Only the lines from the first line of the data through the line containing "Edytor tapety: Odbicie" belong in the answer, transcribed exactly; pictures do not.

Data entries
•••

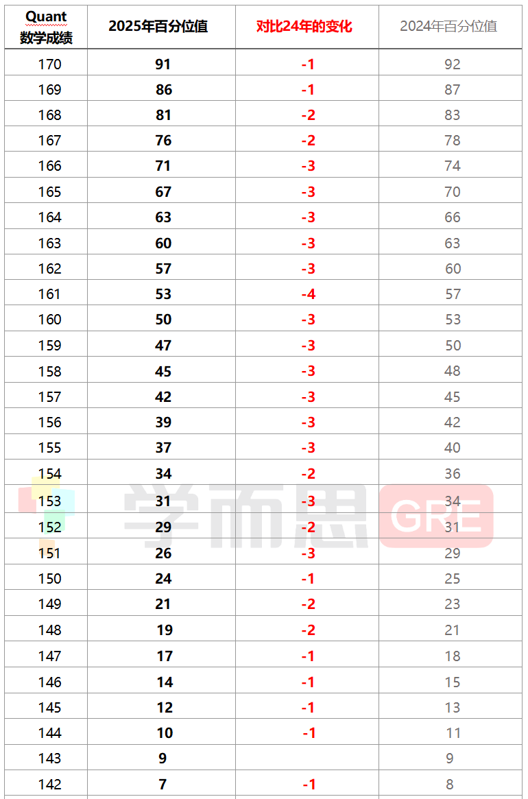 - > 刚刚!ETS大幅度更新GRE成绩百分位值,2025年GRE哪科考高分变难了?
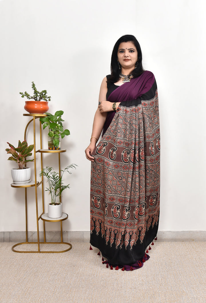 RESHMA : AJRAKH PALLU MODAL SILK SAREE
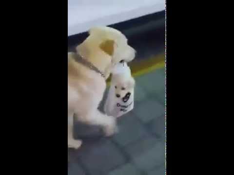 Matka pes nese štěně v plastovém sáčku – roztomilé!
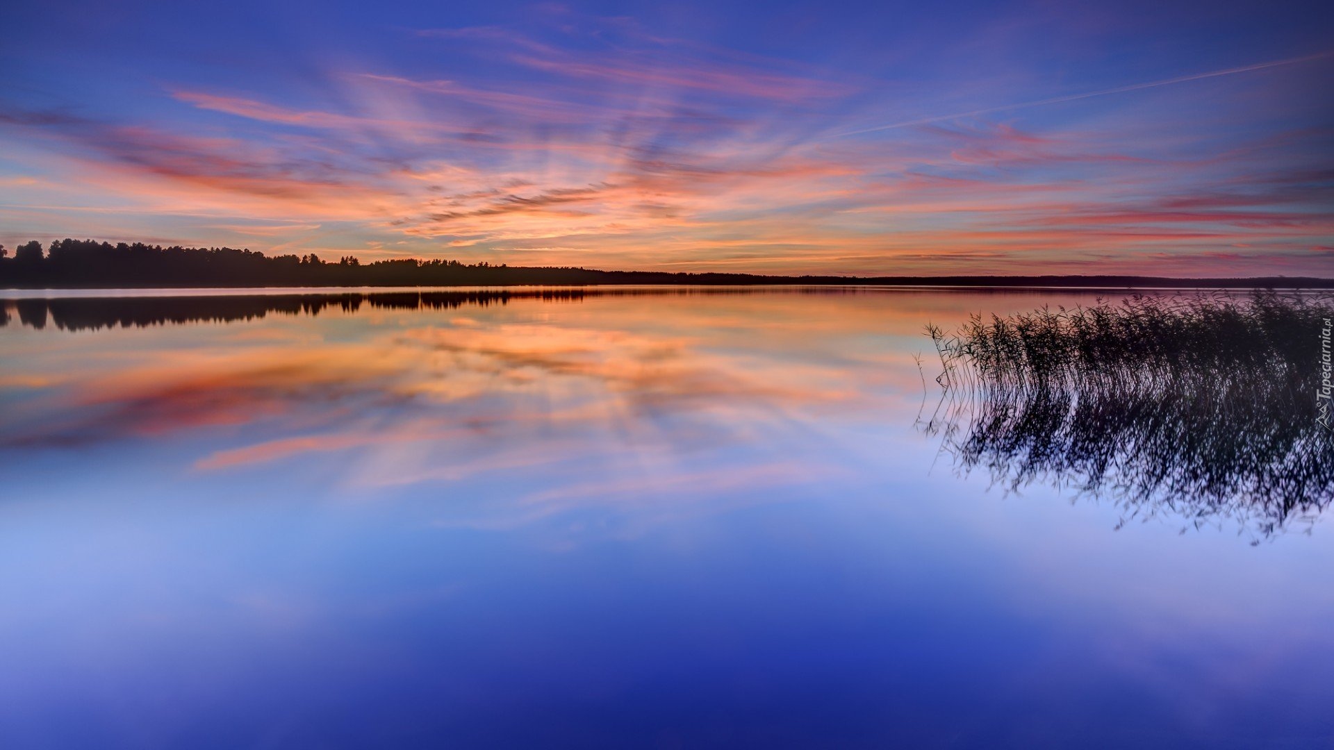 Edytor tapety: Odbicie w jeziorze kolorowego nieba
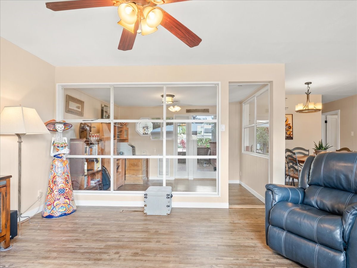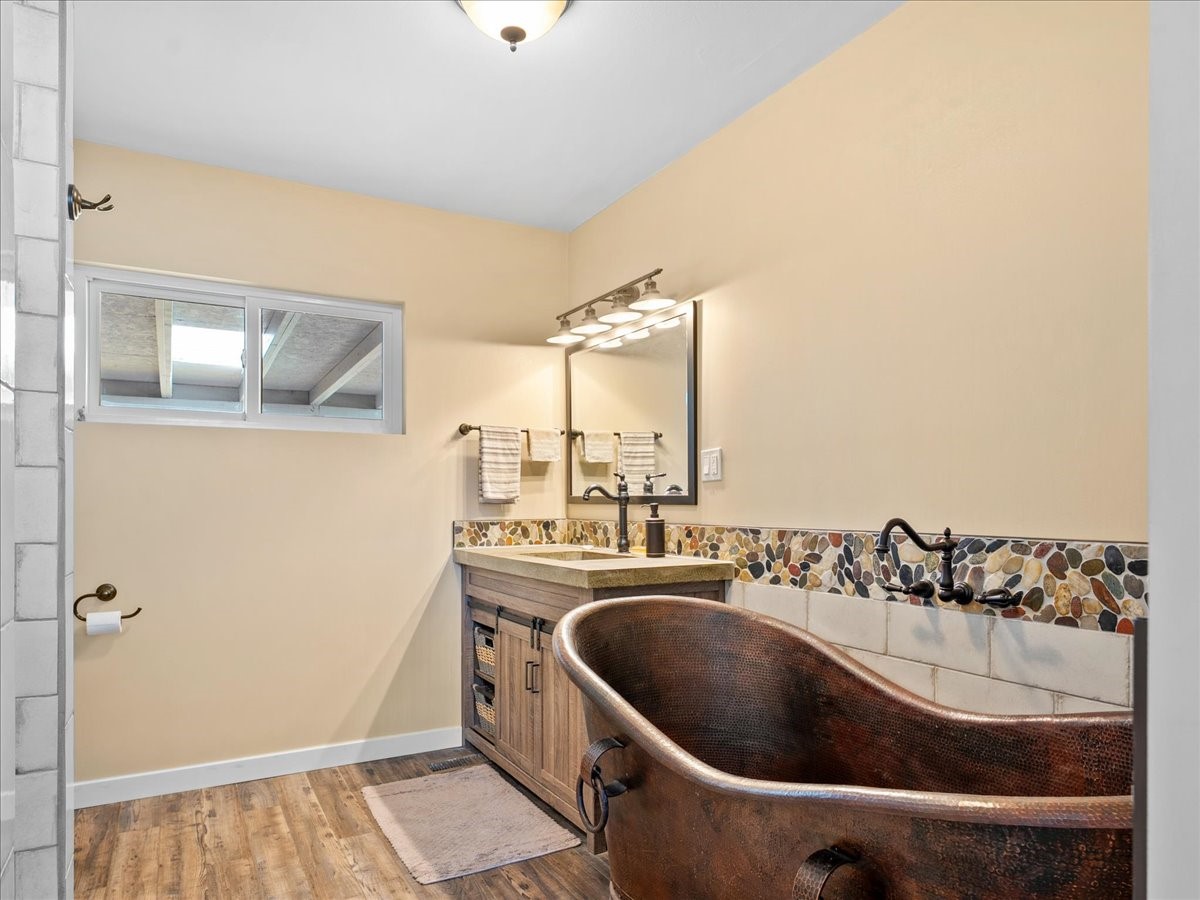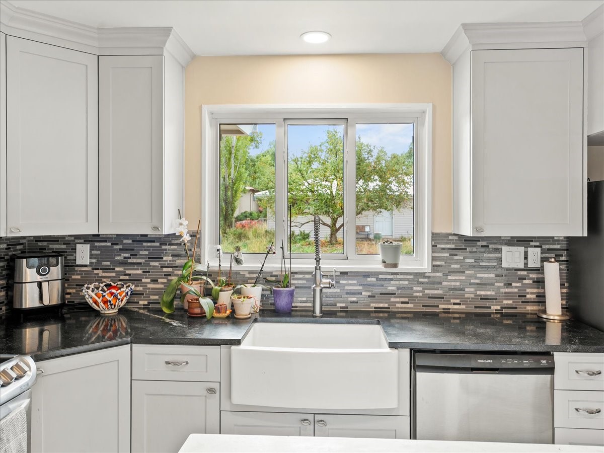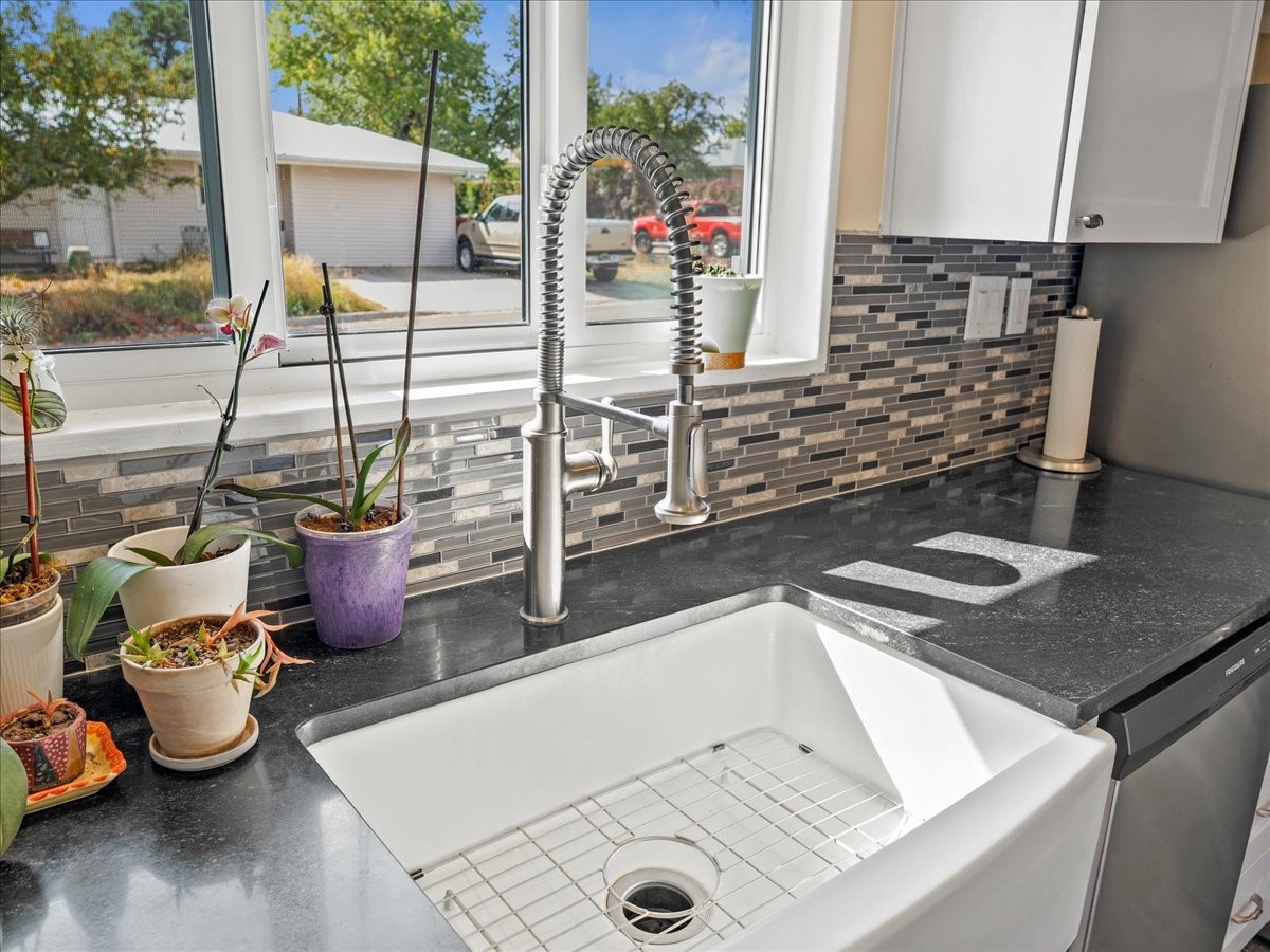 Welcome to this beautifully remodeled single-level home offering 3 bedrooms and 3 bathrooms in a prime downtown location. Over $200,000 of renovations have been made to this home in the last few years. The kitchen was fully updated in 2021 new cabinets, counters, an induction stove and updated appliances. The living room was opened up and a primary suite was added with a luxurious en suite bath - a copper soaking tub, custom tiled shower, and a large walk-in closet. Throughout the home is new vinyl flooring, fresh doors, upgraded electrical, and enclosed laundry room. Comfort and efficiency are built in with a 2021 solar panel, new heating and air conditioning, new gutters and insulated PEX water supply lines. The fully fenced backyard is highlighted by the covered patio, spacious lawn and two large storage sheds - one with added electricity. Designed for modern living, this move-in ready home is perfect for buyers who want style, function, and energy efficiency all on one convenient level. Schedule your showing today!

•••

▶ _Response to this exercise_
 - > 刚刚!ETS大幅度更新GRE成绩百分位值,2025年GRE哪科考高分变难了?
 RESHMA : AJRAKH PALLU MODAL SILK SAREE
 Matka pes nese štěně v plastovém sáčku – roztomilé!
 Edytor tapety: Odbicie w jeziorze kolorowego nieba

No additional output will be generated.